Predict whether an email is formally or informally written. data/prep_corpus.py
writes the emails to a SQLite
database. process_corpus.py
creates a text file with extracted features in LibSVM format (for supervised machine
learning). data/classifier_app
is a web application for framework validation and simplifying manual classification
of each email as either formal or informal.

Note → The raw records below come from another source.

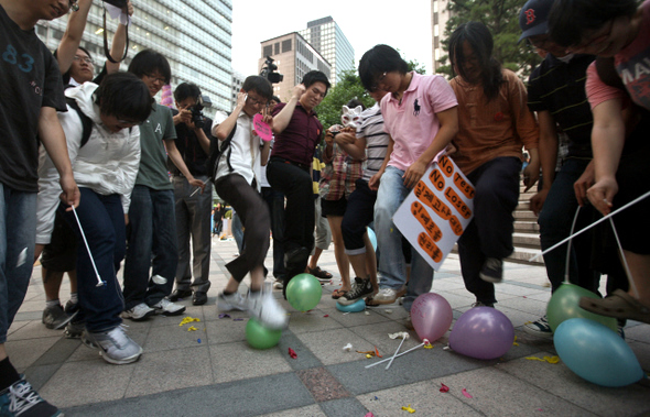 청소년들이 직접 나섰다. 7월9일 오후 서울 청계광장 들머리에서 청소년인권행동 ‘아수나로’ 회원들이 일제고사 반대를 외치며 구호가 적힌 풍선을 터뜨리고 있다.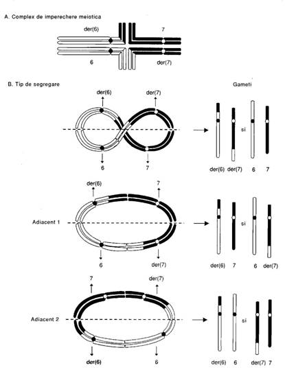 A. Segmentele omoloage ale perechilor de cromozomi implicati se aseaza in cruce. B. Segregarea se poate face in 3 tipuri dupa cum centromerii perechilor de cromozomi vor fi alternanti sau adiacenti fusului de diviziune in anafaza. Gametii rezultati vor purta o translocatie echilibrata sau vor fi normali cand segregarea este alternativa. In segregarile adiacente 1 si 2 se produc gameti anormali fie cu duplicatii fie cu deficiente de segmente cromozomiale.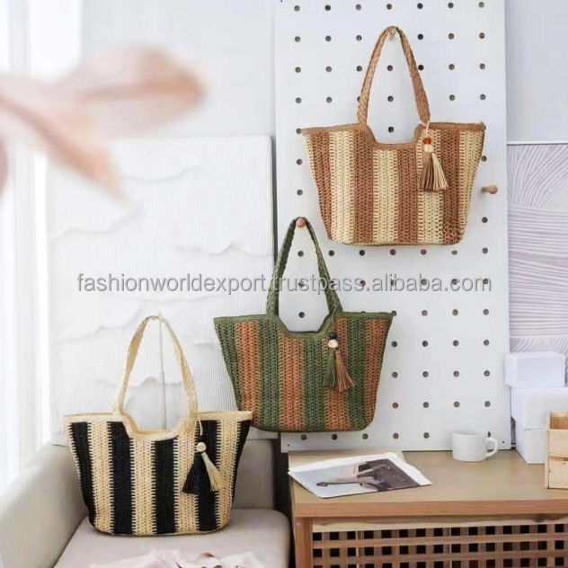 Round Crochet Sling Bag in Green Eco-Friendly Raffia Crossbody for Bohemian and Beach StyleTassel Accent and Beaded Charm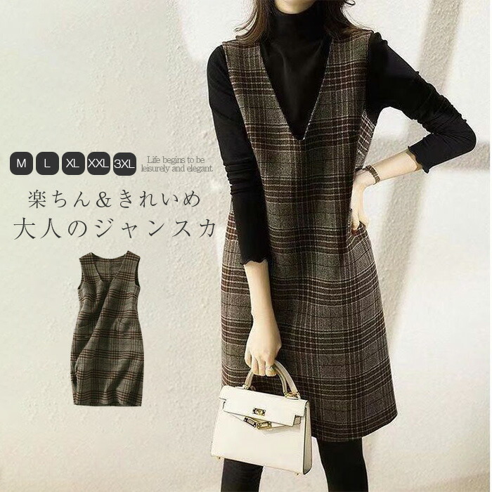 ワンピース 春 秋 レディース チェック ツイード調 ジャンパースカート ジャンスカ ウール混 オールインワン ワンピ ノースリーブ タンクワンピース 重ね着 大人 かわいい きれいめ
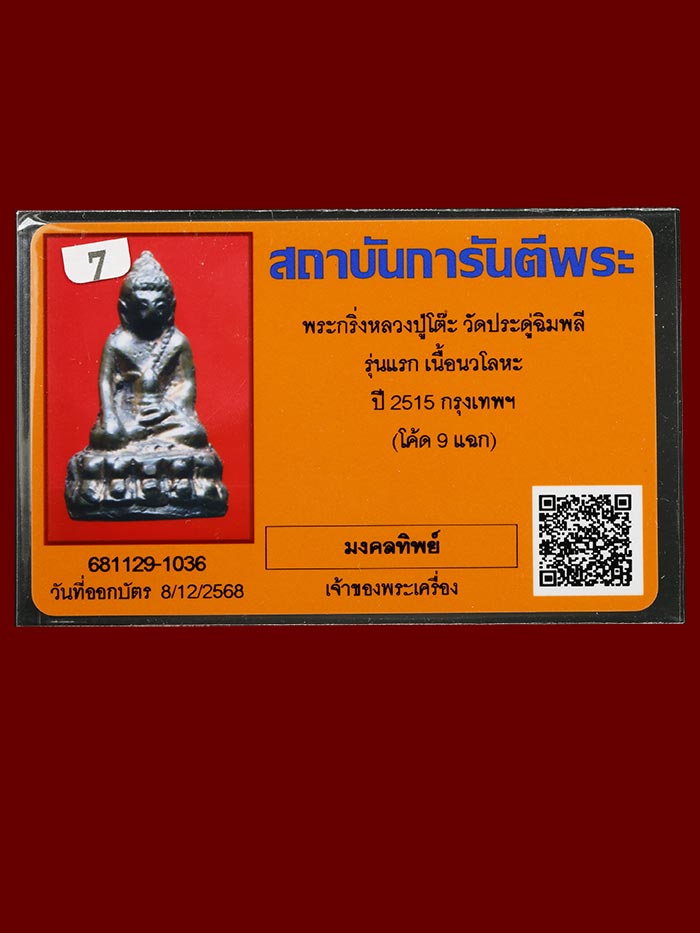 พฤ. - 11 ธ.ค. 2568 - 20:27:48 น. (Auto bid) |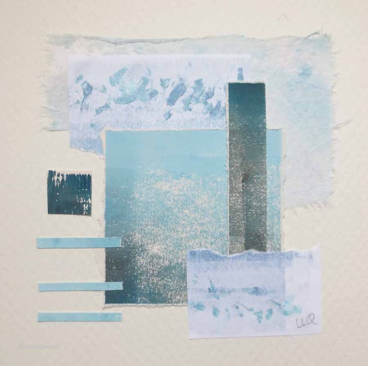 A mixed media collage abstract minimalist coastal view of the ocean from the beach in shades of teal and white.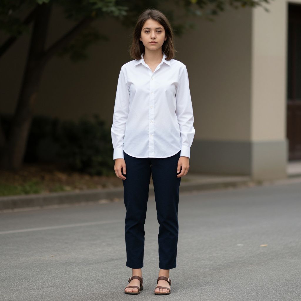 Photograph of a young woman with long dark hair, wearing a red rose scarf, black top, olive green jacket, white pants, and white shoes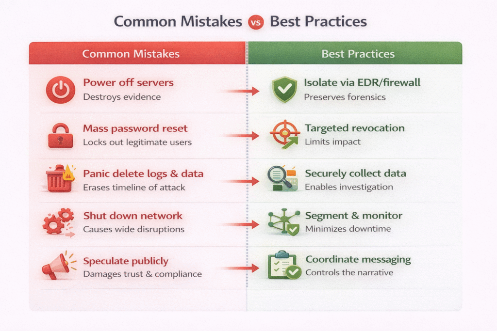 • Contain surgically — segment and monitor rather than mass shutdowns or resets.
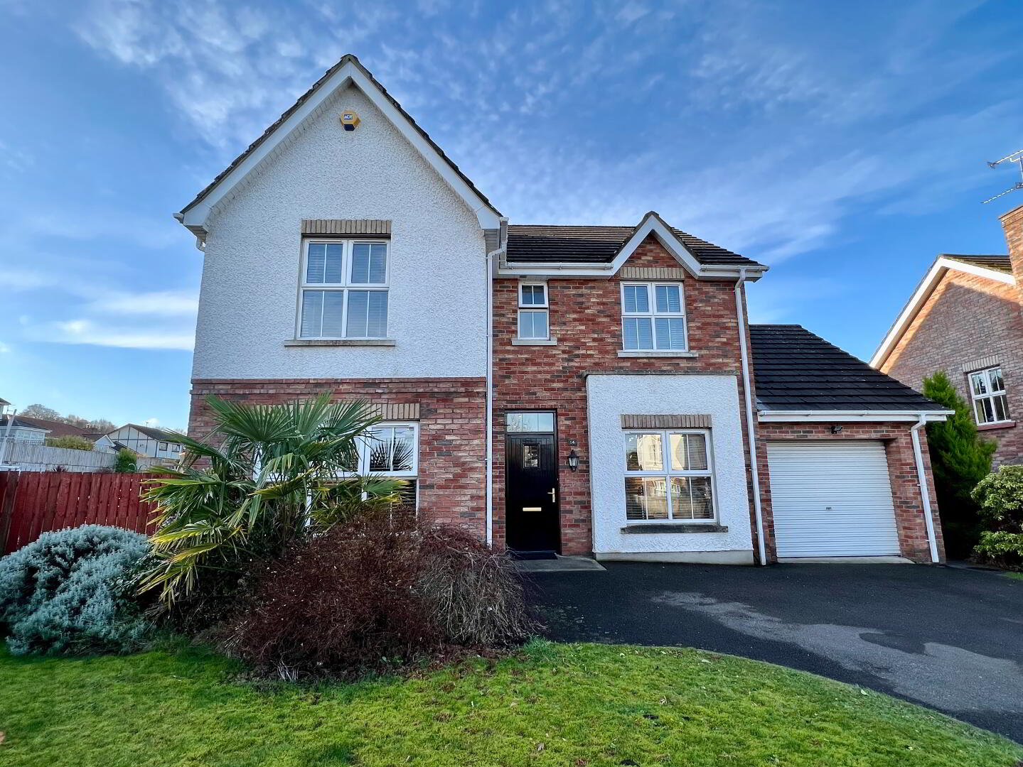 Garden to front laid in lawn enclosed by fence and enhanced with plants and shrubs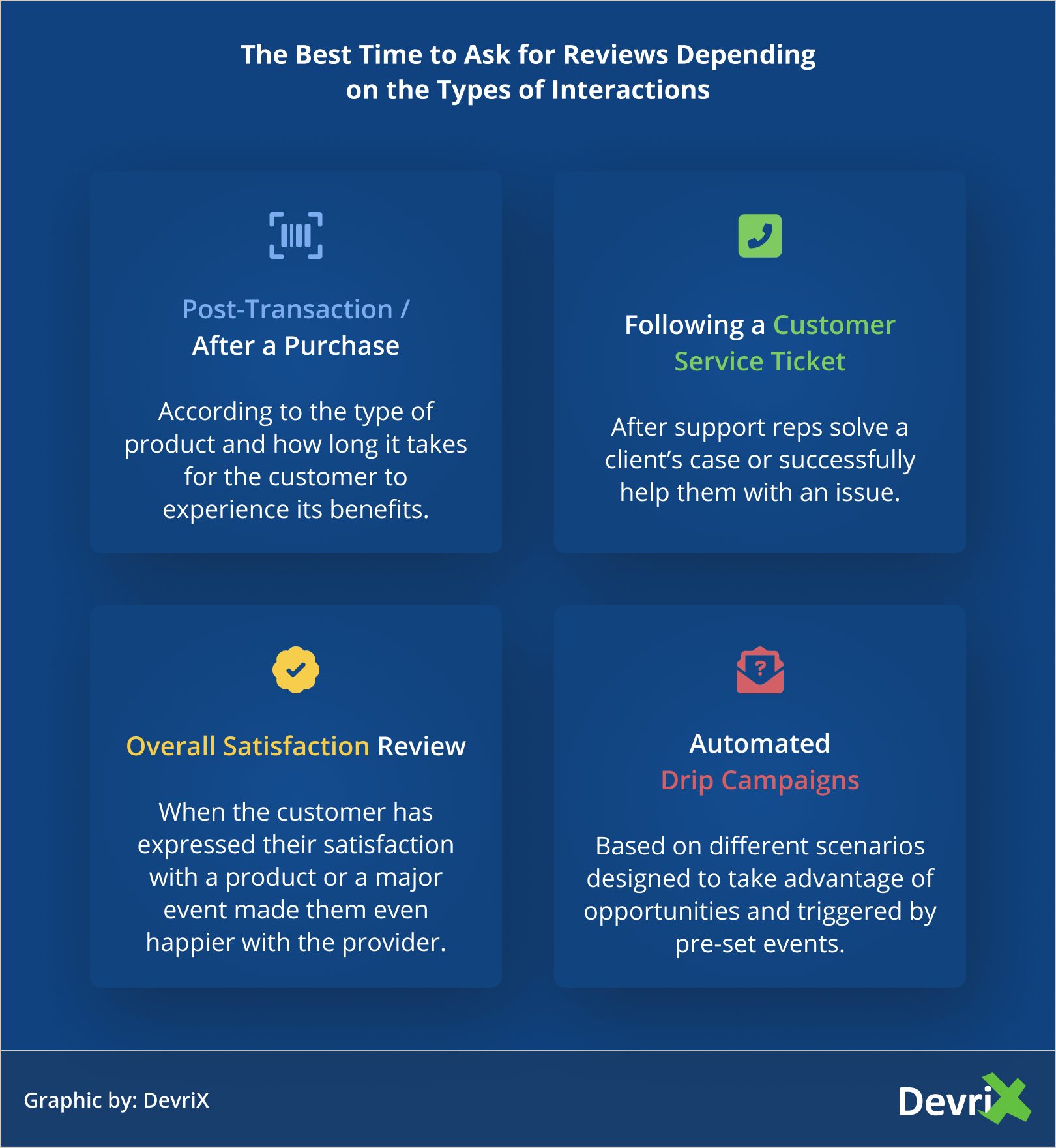 Il est préférable de choisir un moment où le client a exprimé sa satisfaction à l'égard de votre produit pour l'inviter à écrire ses réflexions, afin que les autres sachent que vous êtes un partenaire fiable.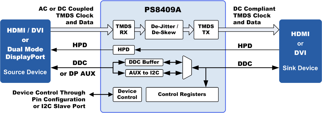 The PS8409A is a HDMI™ repeater, or retimer, that removes jitter and fully supports HDMI 2.0 by supporting up to 6.0Gbps TMDS™ data rate. The device integrates a jitter tolerant TMDS receiver and a jitter cleaning TMDS transmitter for HDMI repeater applications. It removes both the data and clock jitter and the timing skews from the TMDS input to deliver a compliant and very low jitter HDMI output.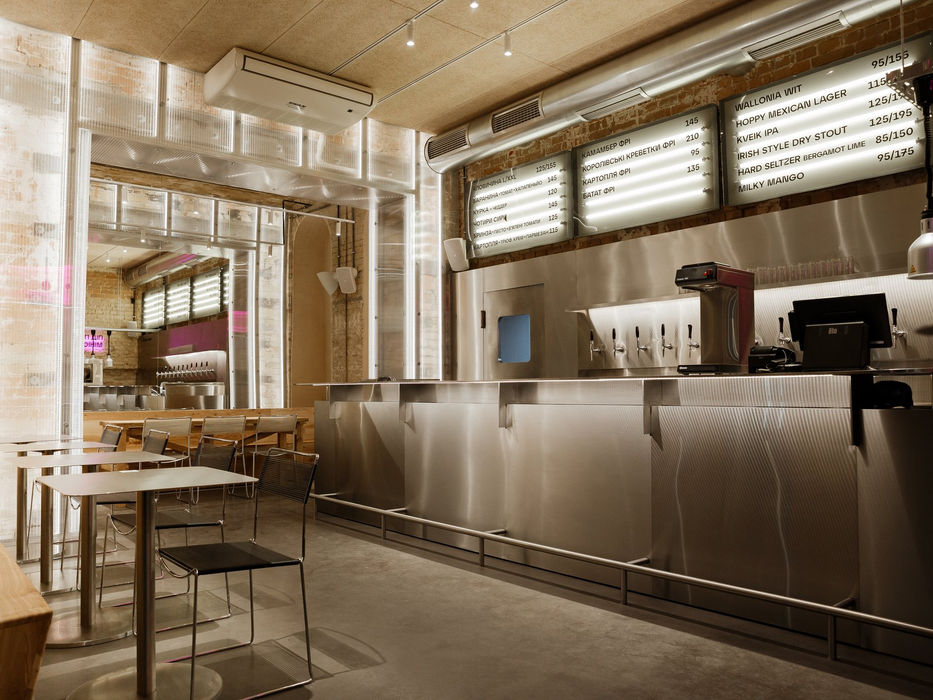 MINISTRY OF CHE is a restaurant adorned with modern neon colors, sleek steel accents, and exposed brick walls. This vibrant setting blends industrial aesthetics with urban sophistication, creating a chic and contemporary atmosphere. From minimalist furniture to strategic lighting, every detail enhances the restaurant's stylish appeal. All details are 100% custom made.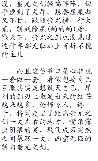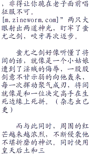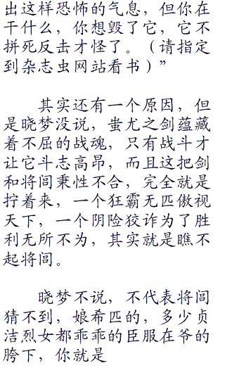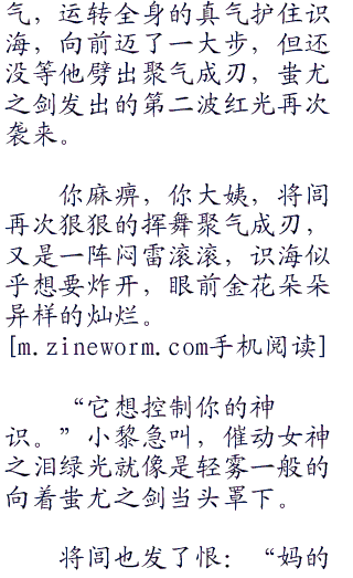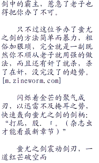 将闾是真的怕了,这还是一把剑吗,简直是一只成精的妖怪,就是赤练蛇王和小桃红也没这么狂暴吧!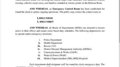ڈپٹی کمشنر دیامر عطاء الرحمٰن کاکڑ نے بابوسر روڈ پر ایمرجنسی نافذ کر دی، چلاس ، تھک، بابوسر روڈ پر بڑے سیلاب کے پیش نظر نوٹیفکیشن جاری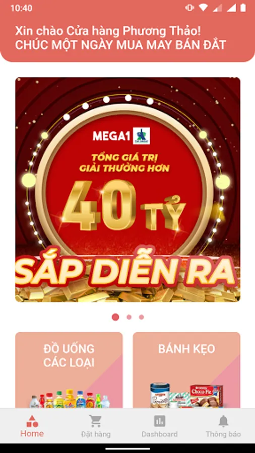 Mega1 SHOP is an application built by the Giga1 Group for retailers and wholesalers, as well as trading partners. On this application, retailers and wholesalers enjoy the convenience of ordering countless benefits: special goods with extremely attractive discounts, with promotions winning thousands of prizes continuously. high value.

This project uses the Enron email corpus, retrieved from https://www.cs.cmu.edu/~./enron/. This is a group project for CNIT499NLT Natural Language Technologies at Purdue University. The course instructor is Dr. Julia Taylor.
- Dan O'Day
- Robert Hinh
- Upasita Jain
- Sangmi Shin
- Penghao Wang
The mysql
branch is the main branch with all of the features and up-to-date code. However, the master
branch uses sqlite rather than MySQL, and is thus easier to run and develop locally. Initial development took place with sqlite, but eventually moved to MySQL since that is the most efficient supported database type on PythonAnywhere hosting service.
Begin inside the directory where you've extracted this project. Using an interactive Python shell (symbolized by >>>
below—do not retype the prompt symbols), do the following:
>>> from data.models import Corpus
Next import your feature(s):
>>> from features.myfeaturefile import myfeature
Now instantiate the corpus and select a specific email by its ID number:
>>> c = Corpus()
>>> email_generator_object = c.fetch_all_emails(column="id", query="120000", exact_match=True)
>>> email = next(email_generator_object)
Now you have the email object with the specified id. You can pass it to your previously imported feature by using the feature function name:
>>> myfeature(email)
The feature should return the specified metric.